Walkartgemeenschap Zeist, Kerkweg 19-23, 3701 Zeist
Mr. drs. Johan de Wit is onze voorganger. Hij is in Leiden en in Kampen opgeleid tot jurist en theoloog. Naar eigen zeggen heeft hij zijn theologische studie ervaren als een heel uitgebreide cursus algemene ontwikkeling.
De verbeelding waartoe de menselijke geest in staat is, blijft hem verwonderen en vanuit die verwondering spoort hij ons aan tot zelfonderzoek.
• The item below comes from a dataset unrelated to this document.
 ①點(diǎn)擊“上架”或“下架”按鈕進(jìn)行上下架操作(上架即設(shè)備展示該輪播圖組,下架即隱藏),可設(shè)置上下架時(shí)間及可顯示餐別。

Alles begint en eindigt bij het kennen van jezelf en wat ons is overgeleverd uit de oude boeken en met name de leringen en uitspraken van Jezus helpen ons daarbij. Door het filter van de man uit Nazareth kunnen wij de wereld anders zien dan wij gewend zijn en dat is, aldus Johan de Wit, het grote geheim van religieus zijn.
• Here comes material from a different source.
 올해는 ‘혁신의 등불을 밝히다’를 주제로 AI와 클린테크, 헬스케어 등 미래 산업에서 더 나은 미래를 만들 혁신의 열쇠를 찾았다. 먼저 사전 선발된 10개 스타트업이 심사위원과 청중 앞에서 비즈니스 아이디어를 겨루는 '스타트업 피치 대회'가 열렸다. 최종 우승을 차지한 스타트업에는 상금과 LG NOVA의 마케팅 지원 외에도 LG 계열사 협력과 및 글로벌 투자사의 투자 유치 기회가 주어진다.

De vrijzinnigheid is voor hem de enige geloofsrichting waarin het raadsel van de verhouding tussen God en mens en ons bestaan in deze wereld op een aanvaardbare en voorstelbare manier ter sprake gebracht wordt.
Kern van de overdenking
Met zijn beschrijving van het hele leven laat Prediker een nuchter geluid horen tegen alle dromen van de mensheid: de tijden zijn niet anders dan wij zelf zijn. Soms zijn we mensen die planten, die baren, die helen, bouwen en herstellen. We kunnen wat en we kunnen veel betekenen. Maar op andere tijdstippen zijn wij ook mensen die doden, die breken, die verkillen en haten.
Overdenking (de tijd)
Toen ik in Kampen mijn theologiestudie aan het afronden was, moest ik natuurlijk een scriptie schrijven. Daar hoorden gesprekken met mijn scriptiebegeleider bij, en ik herinner me uit die gesprekken een uitspraak van mijn mentor die me altijd bij is gebleven. Toen ik verzuchtte dat ik door drukte nauwelijks tijd had om geconcentreerd aan mijn scriptie te werken, zie hij tegen mij: Er is altijd tijd Johan. Ja inderdaad, er is altijd tijd maar wij delen de tijd in naar de klok en die klok bepaalt wat wij van de tijd ervaren die ons is toegemeten. Vooral in onze Westerse cultuur leven wij met de klok. Onze cultuur heeft de klok, andere, primitievere culturen, hebben de tijd. Het is een cliché, maar het is ook waar. Mensen hebben verschillende ervaringen met de tijd. Gezegdes als tijd is geld, de tijd heelt alle wonden, komt tijd komt raad, gezelligheid kent geen tijd en uit de tijd zijn, laten dat zien.
Meestal is wel duidelijk wat met die gezegdes bedoeld wordt. En ervaringen van mensen kunnen verschillen. Mensen die hun grote liefde ontmoeten, kunnen het idee hebben dat voor hen een nieuwe tijd begonnen is. Anderen, die met het verlies van een dierbare te maken krijgen, kunnen het gevoel hebben dat de tijd stil staat en ze verbazen zich erover dat de wereld gewoon doordraait. Een mens kan zich in de tijd beurtelings heel gelukkig of juist heel ontheemd voelen. Maar ook deze menselijk ervaringen geven wel iets prijs van hoe tijd kan worden beleefd, maar geeft nog geen verheldering over wat tijd nou eigenlijk is.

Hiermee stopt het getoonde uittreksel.